A lawsuit filed by the public defenders said asylum-seekers at Sheridan were denied religious items and often went hungry because they were served proscribed food

 

Ritu Jha

 

It has been over two months since Sikh and a Hindu asylum seeker who was incarcerated at the Federal Detention Center in Sheridan, Oregon were deprived of their religious rights, according to Oregon public defender Lisa Hay.

 

Hay filed lawsuits July 26 on behalf of over 74 detainees saying they are being held without the required religious accommodations, these including a refusal to be allowed to wear the required head coverings and other religious items and denied the time or space to pray.

 

William Teesdale, the chief investigator for the Public Defender’s Office (PDO), reported through a declaration that a federal public defender’s office team met the detainees on July 6, 11, 16 and 23 and 25. The team alleged that FDC Sheridan has betrayed the ideals and protections basic to American freedom and which motivated many of the detainees to seek asylum in this country.

 

Teesdale also wrote in a declaration that many South Asian immigrant detainees had to go hungry because their religion-mandated dietary restrictions were not accommodated.

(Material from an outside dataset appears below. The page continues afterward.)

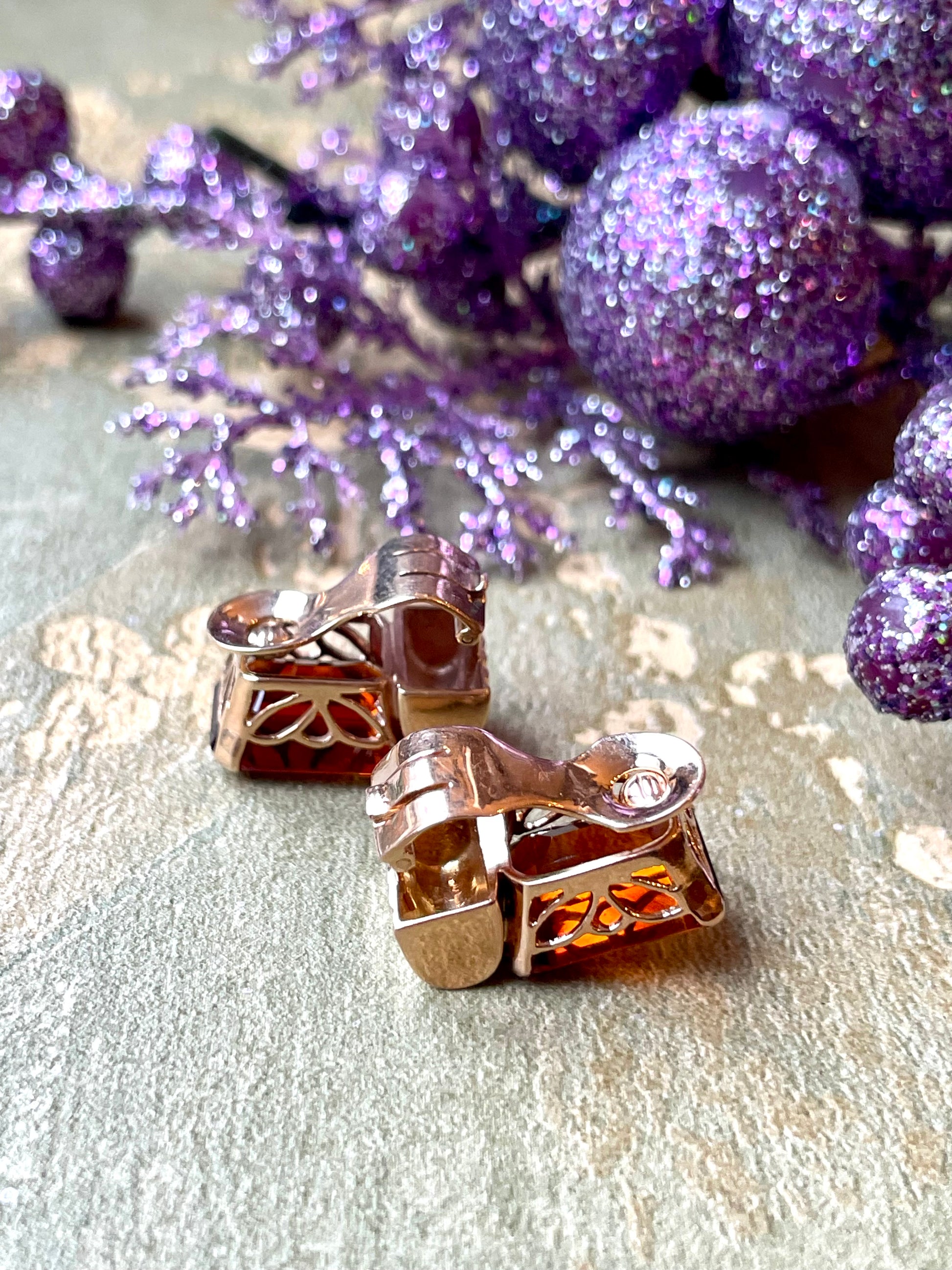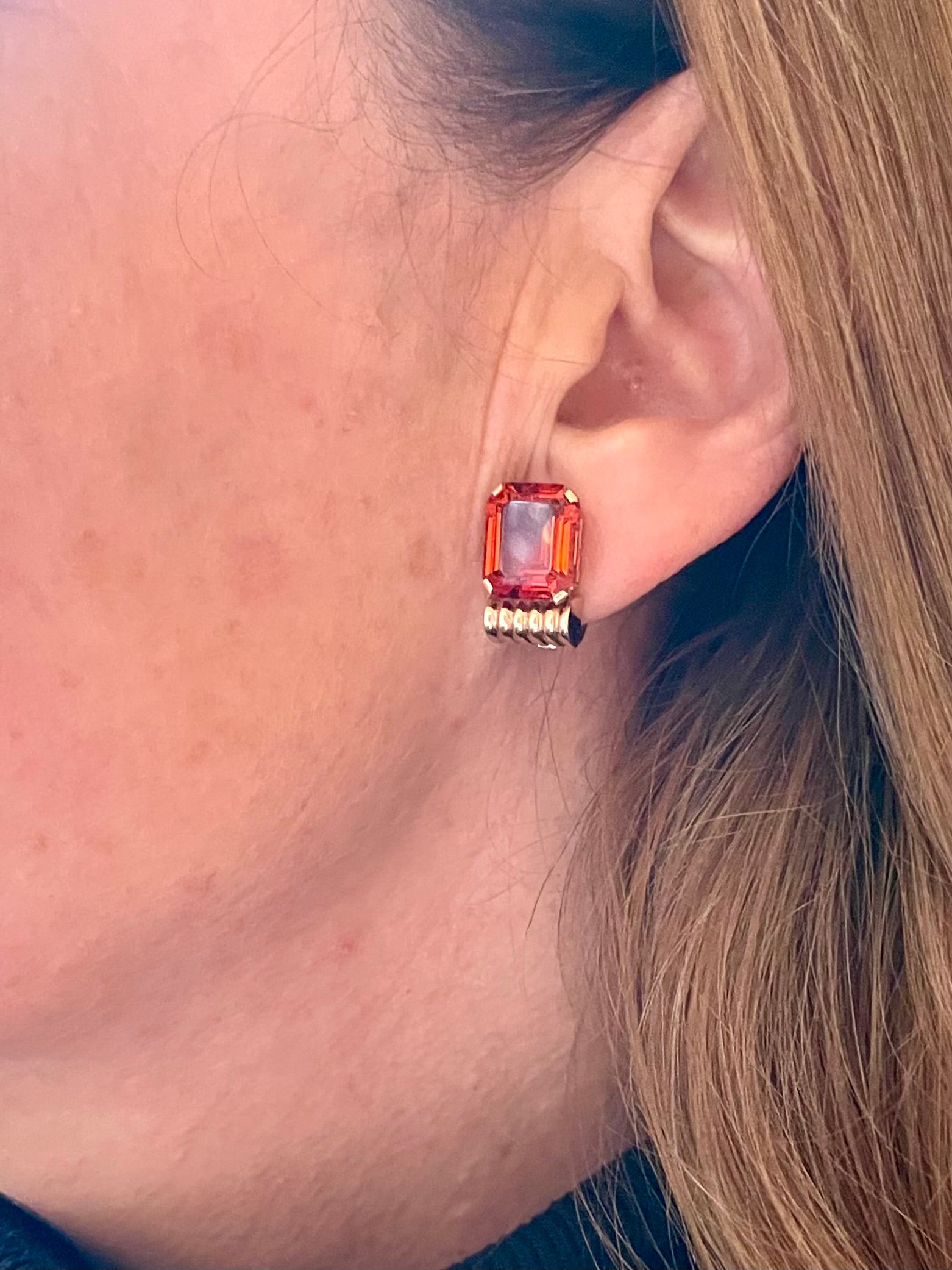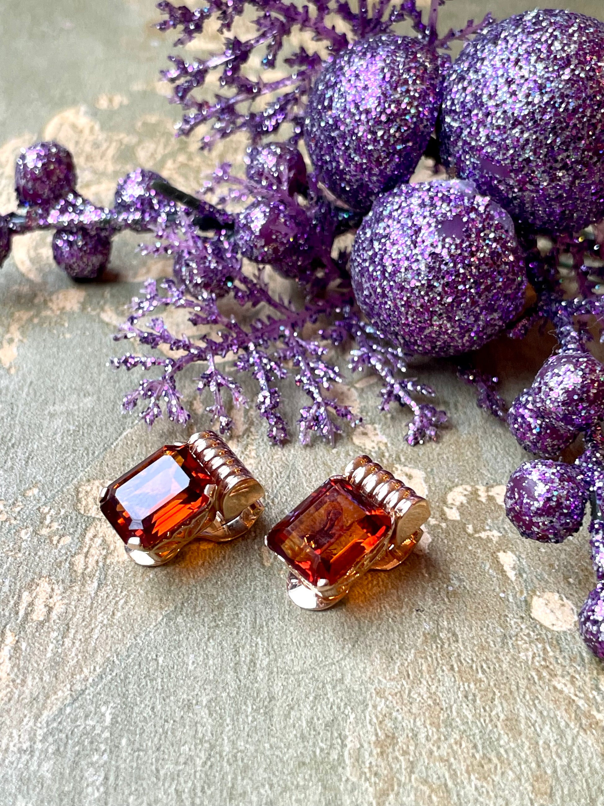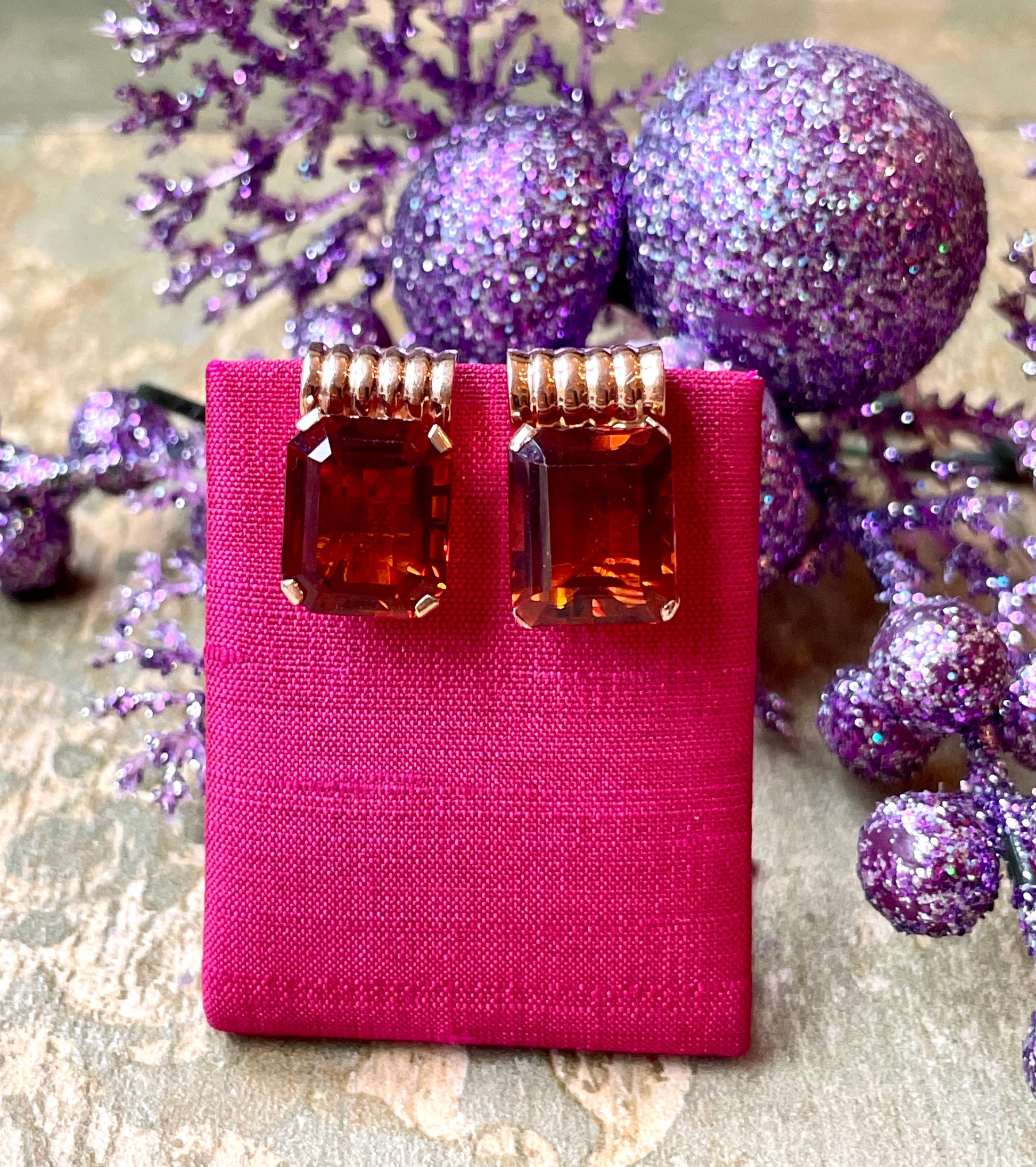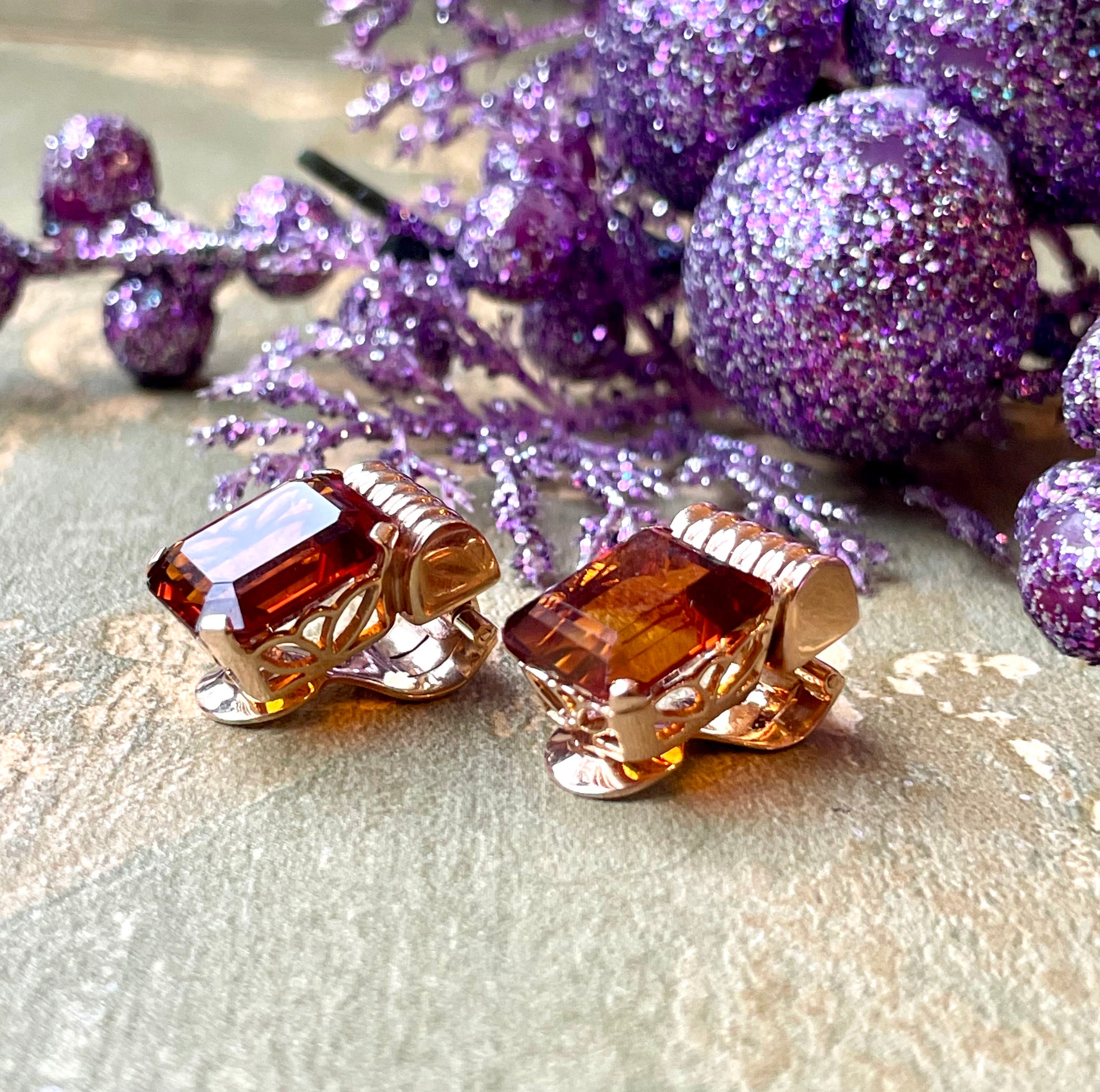 Realizzati in oro giallo, presentano un modello squadrato e rigoroso, su cui risalta la bellezza del colore intenso dei topazi Madeira, montati su griffe a giorno.

They were provided a meat-based diet which they could not eat.

 

In the lawsuit, Hay said this was a violation of their rights to not offer them religious accommodation and asked that they be provided religious items, including turbans, and personal religious items of the types seized at the time the detainees entered custody. She also sought that they be allowed visits and religious services from clergypersons and representatives of the detainees’ faiths, be given access to religious writings in appropriate languages according to the detainees’ faiths and be provided appropriate locations for prayer and religious practices while being given the opportunities to observe their religious dietary practices in a culturally appropriate manner.

 

Dr Simran Jeet Singh, an expert on the Sikh faith who is offering support to Hay, said that while Sikhs practice their faith in many different ways, the basic tenants of Sikhism emphasize the wearing of turbans and other sacred religious objects, and the ability to pray at certain times of day in a respectful space.

 

The lawsuit states that some detainees have been traumatized by being exposed without headgear when, dating back centuries, “forcibly removing a Sikh’s turban, or cutting a Sikh’s hair has symbolized denying that person the right to belong to the Sikh faith, and has been considered a humiliating and hurtful physical injury.”

 

While the custodians claim they lack the resources to accommodate religion, no such excuse is permissible under RFRA (Religious Freedom Restoration Act) and RLUIPA (Religious Land Use and Institutionalized Persons Act), the lawsuit argued, adding that the government could not create a chaotic situation, then force the detainees to subsidize governmental actions by sacrificing their religious freedoms.

 

The punitive detention of immigrants in FDC Sheridan has betrayed ideals and protections that are basic to American freedom and that motivated many of the detainees to seek asylum in this country, it stated.

 

It added that for the first weeks after their arrival on May 31, 2018, the detainees were held out of touch with anyone in the outside world, under onerous conditions of confinement, without compliance with laws requiring religious accommodations. Many were unable to communicate with anyone in authority in their native languages.

 

The suit claimed the custodians also failed to advise detainees of what rights they had, how to seek religious accommodations, and what accommodations could be made.

 

It admitted that some punitive conditions have been ameliorated but pointed out that the inability to fully practice their religions has left the detainees deeply distressed.